Times of London
January 18, 1995
BBC writes sex scenes into tale of 19th-century English society
ALEXANDRA FREAN
BBC has rewritten Edith Wharton's novel The Buccaneers to make
the Pounds 5
million television dramatisation more appealing to a mass
audience.
The five-part adaptation of Wharton's study of 19th-
century society, which starts next month on BBC1, has a rape and
a homosexual
encounter that are not in the book. Characters' names and some
locations have
been changed for the screen version of Wharton's unfinished
novel, which was
published posthumously.
The last two television episodes are the work of the scriptwriter
Maggie
Wadey, based loosely on Wharton's notes. She said yesterday: ``I
never actually
stopped and thought what would Edith Wharton have done at this
moment or how
would she have written this particular part, because I think that
would have
resulted in a pastiche. I wanted to respond to the material as if
it were my
own.
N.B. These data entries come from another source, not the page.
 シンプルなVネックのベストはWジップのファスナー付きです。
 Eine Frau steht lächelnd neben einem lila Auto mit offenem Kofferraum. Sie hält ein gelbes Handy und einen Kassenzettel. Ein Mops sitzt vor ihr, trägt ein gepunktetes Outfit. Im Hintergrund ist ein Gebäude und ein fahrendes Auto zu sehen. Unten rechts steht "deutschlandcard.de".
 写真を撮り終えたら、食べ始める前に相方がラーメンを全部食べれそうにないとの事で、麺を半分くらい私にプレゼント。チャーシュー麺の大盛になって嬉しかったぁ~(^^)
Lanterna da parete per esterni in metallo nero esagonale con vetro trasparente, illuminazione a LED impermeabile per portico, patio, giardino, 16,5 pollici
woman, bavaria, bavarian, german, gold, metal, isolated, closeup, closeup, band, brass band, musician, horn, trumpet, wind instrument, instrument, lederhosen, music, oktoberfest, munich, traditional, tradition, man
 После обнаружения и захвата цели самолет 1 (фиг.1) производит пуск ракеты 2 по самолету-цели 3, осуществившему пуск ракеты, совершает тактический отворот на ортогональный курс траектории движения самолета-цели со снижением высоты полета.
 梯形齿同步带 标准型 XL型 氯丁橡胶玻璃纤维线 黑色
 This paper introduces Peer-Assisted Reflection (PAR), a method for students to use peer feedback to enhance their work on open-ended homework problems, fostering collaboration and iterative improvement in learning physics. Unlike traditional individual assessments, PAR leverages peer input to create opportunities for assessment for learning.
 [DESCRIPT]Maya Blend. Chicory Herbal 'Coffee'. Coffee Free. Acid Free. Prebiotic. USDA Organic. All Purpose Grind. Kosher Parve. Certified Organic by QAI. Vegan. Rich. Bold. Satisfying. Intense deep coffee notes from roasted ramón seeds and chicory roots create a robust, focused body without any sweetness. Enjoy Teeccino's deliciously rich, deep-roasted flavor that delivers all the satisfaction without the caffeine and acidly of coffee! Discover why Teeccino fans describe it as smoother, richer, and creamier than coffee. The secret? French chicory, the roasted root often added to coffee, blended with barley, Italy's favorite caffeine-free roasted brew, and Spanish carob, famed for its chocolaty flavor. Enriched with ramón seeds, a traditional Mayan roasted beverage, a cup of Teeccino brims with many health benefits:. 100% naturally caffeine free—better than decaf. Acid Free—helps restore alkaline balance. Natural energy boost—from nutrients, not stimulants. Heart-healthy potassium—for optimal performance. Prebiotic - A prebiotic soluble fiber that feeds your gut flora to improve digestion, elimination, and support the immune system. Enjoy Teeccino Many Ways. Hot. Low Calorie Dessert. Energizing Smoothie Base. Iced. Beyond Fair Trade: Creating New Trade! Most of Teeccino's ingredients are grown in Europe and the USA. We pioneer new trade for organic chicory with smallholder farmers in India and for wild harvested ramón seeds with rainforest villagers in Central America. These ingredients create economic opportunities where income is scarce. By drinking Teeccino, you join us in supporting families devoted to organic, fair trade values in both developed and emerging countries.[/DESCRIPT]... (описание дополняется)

I followed the currents of the book itself, the impulses
that were already
there and, of course, the notes that she had left.''
Ms Wadey, whose credits include an adaptation of Jane Austen's
Northanger
Abbey for the BBC, added: ``It sounds very presumptuous, but
inevitably when
you're adapting you are exercising a certain amount of
criticism.''
Phillippa Giles, executive producer, said that the BBC had tried
to make the
production accessible to a BBC1 audience. ``If it had been made
for BBC2, it
would have been different.'' She felt free to make changes
because The
Buccaneers was not a well-known masterpiece. ``You could not take
such
liberties with Jane Austen because everyone has read her books
ten times over.''
Wharton was born in 1862 into New York society. In 1921 she
became the first
woman to win the Pulitzer Prize for fiction for The Age of
Innocence. In The
Buccaneers she tells the story of a group of spirited young
American women who
enter the English social world of the 1870s.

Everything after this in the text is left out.